Wo die Augen anderer Schauspieler leuchten oder strahlen, blitzten seine auf: vor Unternehmungslust und Zuversicht. Sie erkannten die Welt als etwas, das es zu erobern galt. Sie waren das Unterpfand seiner Geistesgegenwart, Indiz einer blendenden Intensität. Aber was waren sie ohne die Brauen, die darüberlagen? Die waren sein temperamentvollstes Instrument. Er beherrschte es virtuos, hob oder senkte sie in Richtungen, die dem Kino bis dahin nicht zu Gebot standen. Sein Bond-Nachfolger Roger Moore konnte sie nur spöttisch kräuseln. Aber Connery formte sie zu einem machtvollen Bogen, oder, am schönsten: zu einem Dreieck von homerischer Heiterkeit. Sie unterstrichen Wachsamkeit, Genugtuung, Erstaunen, Misstrauen, Nachsicht, Neugierde oder die Freude am Fabulieren. Mit ihnen drückte er nicht nur Stimmungen aus, sondern eine Weltsicht.
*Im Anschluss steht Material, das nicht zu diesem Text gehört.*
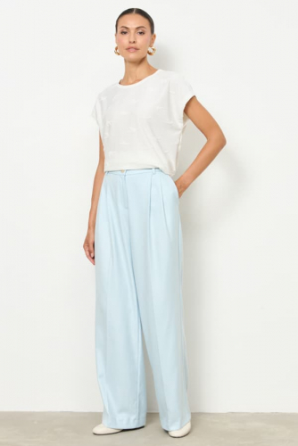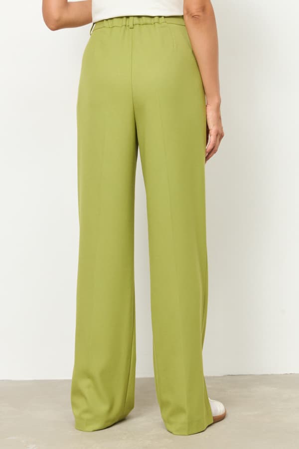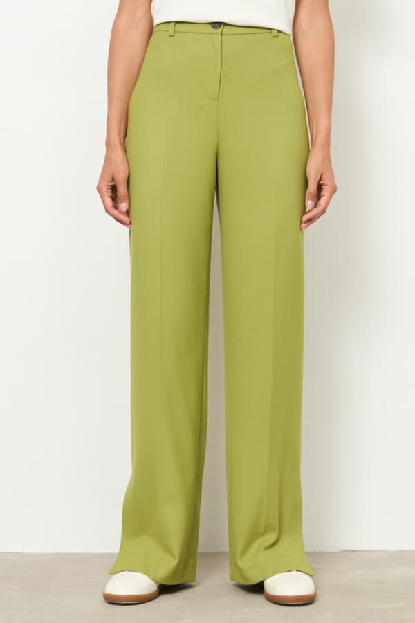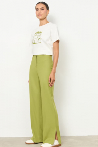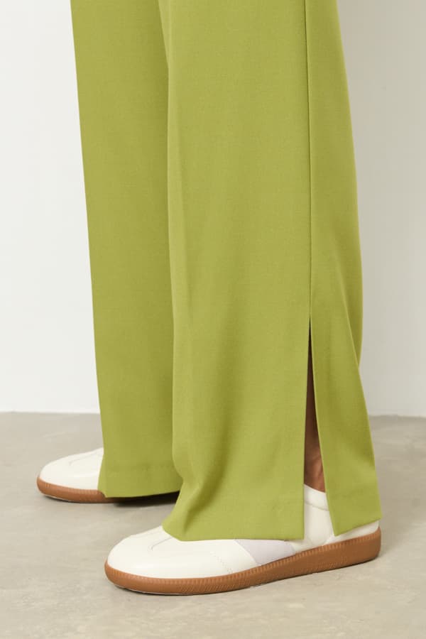 Брюки из костюмной ткани прямого силуэта с разрезами в боковых швах. Застёжка на молнию-гульфик и пуговицу. Притачной пояс со шлёвками. Задняя часть пояса с резиной, что обеспечивает хорошую посадку по фигуре.

Als James Bond war er noch glatt rasiert. Aber die virile Ausdruckskraft der Brauen erlosch nicht, als er sich danach zu einem begnadeten Schnauz- und Vollbartträger mauserte. Die Behaarung ließ vergessen, dass sein Haupthaar längst schütter war, und verlieh den Toupets, die er wacker trug, Würde. Der Erfinder Bonds, Ian Fleming, hätte lieber Cary Grant in der Rolle des Geheimagenten seiner Majestät gesehen, oder einen anderen, dem man Vornehmheit zutraute. Immerhin sollte die Figur das Vereinigte Königreich hinwegtrösten über den Verlust seiner Kolonien und seiner allgemeinen geopolitischen Bedeutung. Connery fügte Bonds weltläufiger Eleganz eine Dosis proletarischer Ruppigkeit bei. Bis Daniel Craig war er der einzige Darsteller der Rolle, den man sich nicht als Mitglied eines exklusiven Clubs vorstellen musste. Mit ihm geriet das britische Klassensystem aus den Fugen: Als Aristokraten konnte man sich ihn nicht vorstellen, aber er war wie geschaffen dafür, Könige zu spielen.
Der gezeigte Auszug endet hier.